Medine ye daha önce yerleşmiş olan bu kimseler, daha sonra Mekke’den yurtlarına  hicret eden Hz. Peygamber ve ashabına kucaklarını açmışlar, onları bağırlara basmışlar, onların her türlü yardımlarına koş-muşlar, bu uğurda üstün fedakârlık sergilemişler, kardeşlik ve dostluğun

en güzel örneklerini vermişler, hatta mallarına ortak yapmışlardır. Onlara karşı  gönüllerinde hiçbir kıskançlık, çekememezlik  duymamışlar, kıskançlık şöyle dursun, yeme içme  ve diğer hususlarda onları hep kendilerine tercih etmişler, kendilerinden önde tutmuşlardır. Yüce Rabbimiz de bütün

insanlar okusunlar da örnek alsınlar, ibret alsınlar diye, onların bu güzel

tutum ve davranışlarını mukaddes kitabımız  Kur'an-ı  Kerim'de ebedileştirmiştir.

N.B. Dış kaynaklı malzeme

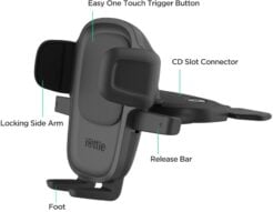 De iOttie Easy One Touch 5 CD Slot Mount klemt jouw smartphone automatisch vast wanneer je het in de houder plaatst! Een knop wordt ingedrukt wanneer het toestel in de houder zit en dat zorgt ervoor dat de armen het toestel stevig vastklemmen.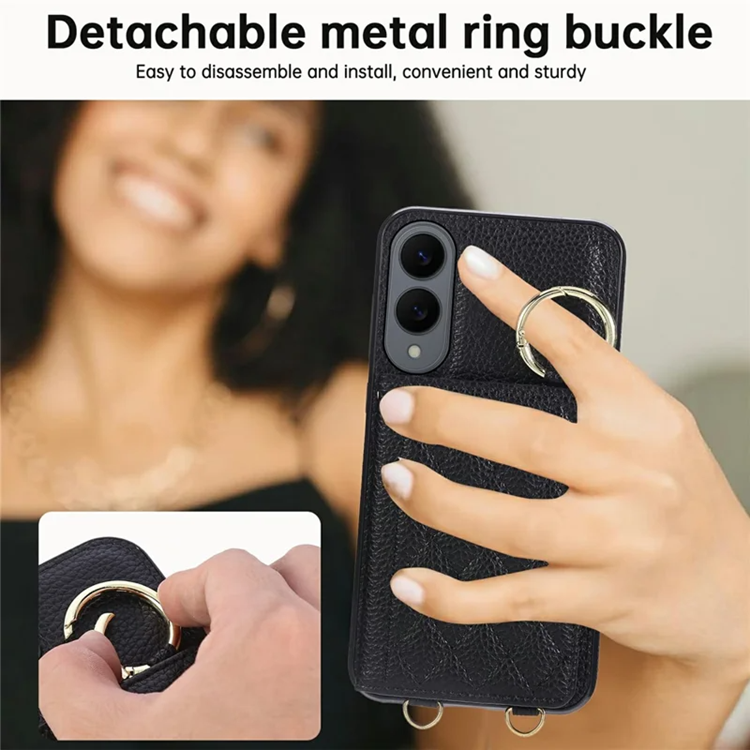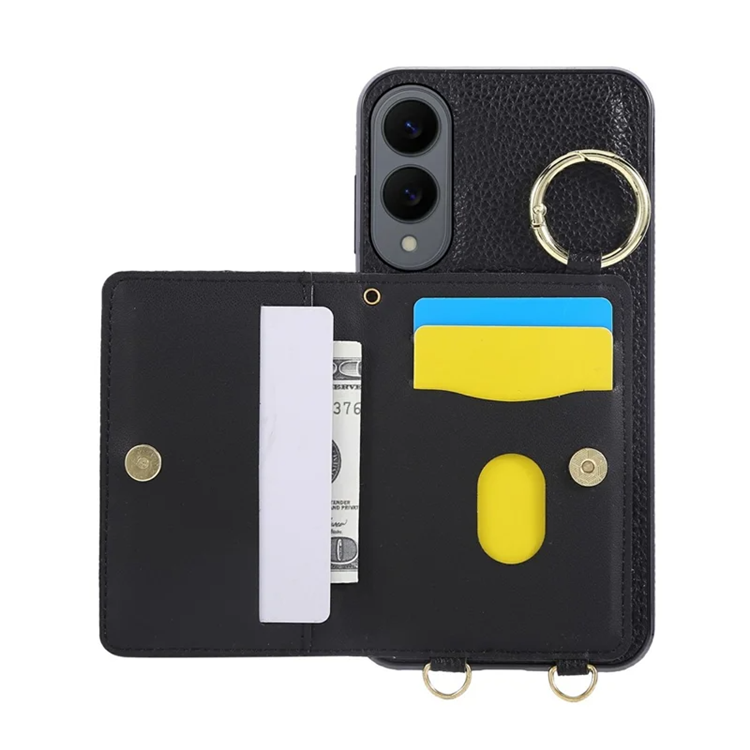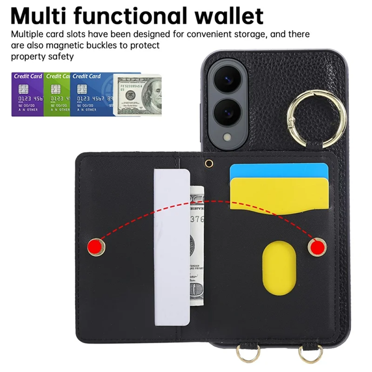 Galaxy S25 Edge Mobilskal Korthållare Kickstand Rhombus Läder TPU med Axelrem - Svart

Enes b. Malik diyor ki: "Resulullah (s.a.v.) Medine ye gelince  muhacirler yanına gelip şöyle  dediler: “Ey Allah’ın Resulü, biz, gelip yanlarına yerleştiğimiz bu kavimden, çok olan malından daha çok harcayan ve az olan malından daha güzel yardim eden bir topluluk görmedik. Bunlar bizim masraflarımızı üstlendiler. Kolayca elde ettikleri mallara bizi ortak ettiler. Öyle ki bizler, onların, bütün sevapları tek başlarına alacaklarından korkar olduk."Bunun üzerine Resulullah (s.a.v.): "Hayır, siz onlar hayırla andığınız ve onlar için Allaha dua ettiginiz müddetçe mutlaka size de ecir ve sevap verilir."   buyurdu.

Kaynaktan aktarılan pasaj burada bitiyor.